(Beginning of SUPPLIED INFORMATION)

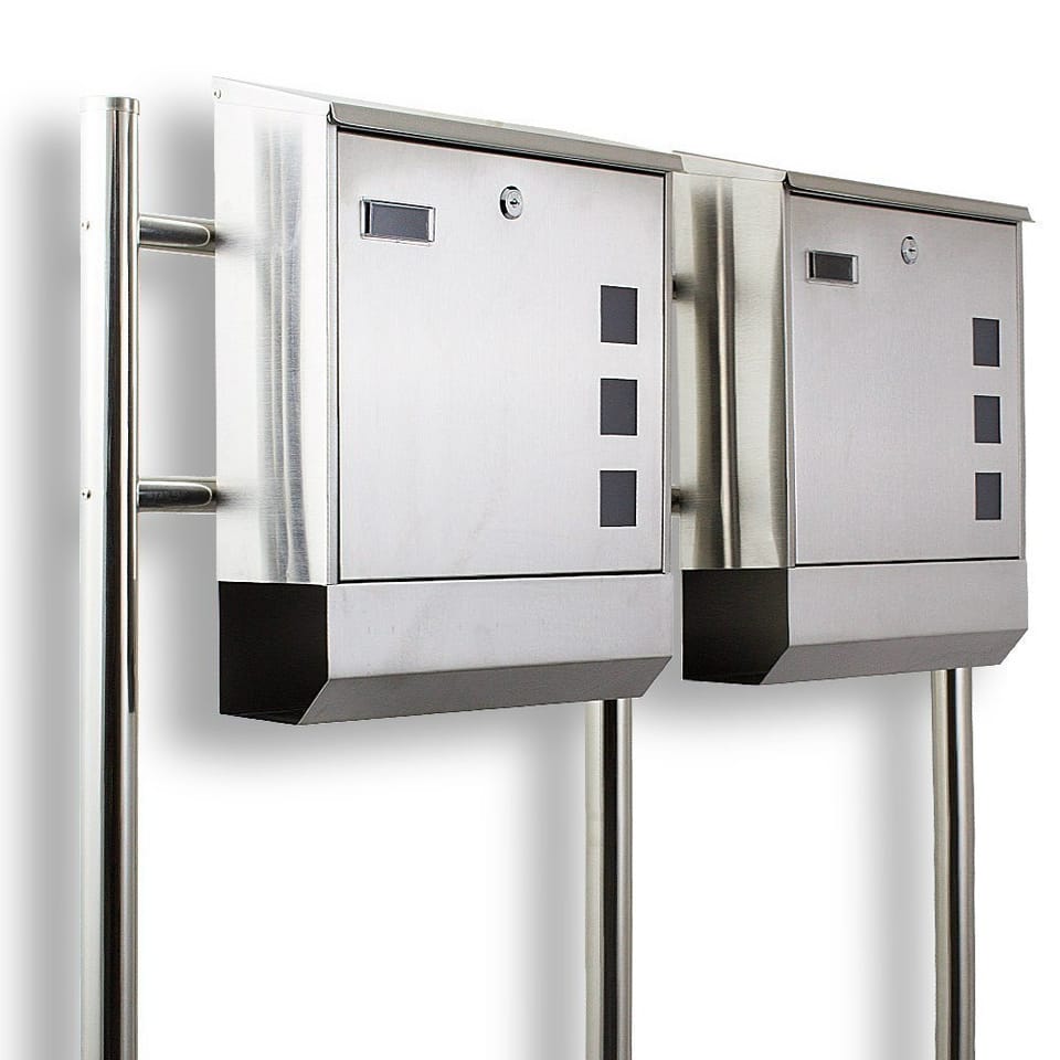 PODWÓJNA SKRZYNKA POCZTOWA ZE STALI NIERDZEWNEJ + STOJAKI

(End of SUPPLIED INFORMATION)
(Beginning of SUPPLIED INFORMATION)

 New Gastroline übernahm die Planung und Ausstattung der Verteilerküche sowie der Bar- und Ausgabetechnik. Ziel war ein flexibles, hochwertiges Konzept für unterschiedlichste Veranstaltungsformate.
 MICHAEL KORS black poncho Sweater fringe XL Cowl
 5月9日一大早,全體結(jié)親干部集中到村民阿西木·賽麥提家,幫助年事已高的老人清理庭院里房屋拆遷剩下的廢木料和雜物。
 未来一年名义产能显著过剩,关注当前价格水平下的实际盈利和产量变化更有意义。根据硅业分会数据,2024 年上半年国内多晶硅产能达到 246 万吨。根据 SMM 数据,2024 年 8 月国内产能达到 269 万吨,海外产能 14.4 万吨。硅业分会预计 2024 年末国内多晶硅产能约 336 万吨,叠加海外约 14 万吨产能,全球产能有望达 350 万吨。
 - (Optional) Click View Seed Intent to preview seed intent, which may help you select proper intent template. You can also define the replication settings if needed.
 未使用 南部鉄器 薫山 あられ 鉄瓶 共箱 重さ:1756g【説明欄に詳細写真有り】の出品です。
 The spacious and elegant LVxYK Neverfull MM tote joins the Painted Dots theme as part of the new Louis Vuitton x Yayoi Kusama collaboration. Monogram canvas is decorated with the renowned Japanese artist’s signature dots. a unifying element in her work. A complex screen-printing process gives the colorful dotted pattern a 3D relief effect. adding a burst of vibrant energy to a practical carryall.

(End of SUPPLIED INFORMATION)

**ABOUT THIS TASK:** Retype, in the same exact form, the lines of the material above from the line holding "未使用 南部鉄器 薫山" through the line holding "The spacious and".

**RESULT BELOW:**
 未使用 南部鉄器 薫山 あられ 鉄瓶 共箱 重さ:1756g【説明欄に詳細写真有り】の出品です。
 The spacious and elegant LVxYK Neverfull MM tote joins the Painted Dots theme as part of the new Louis Vuitton x Yayoi Kusama collaboration. Monogram canvas is decorated with the renowned Japanese artist’s signature dots. a unifying element in her work. A complex screen-printing process gives the colorful dotted pattern a 3D relief effect. adding a burst of vibrant energy to a practical carryall.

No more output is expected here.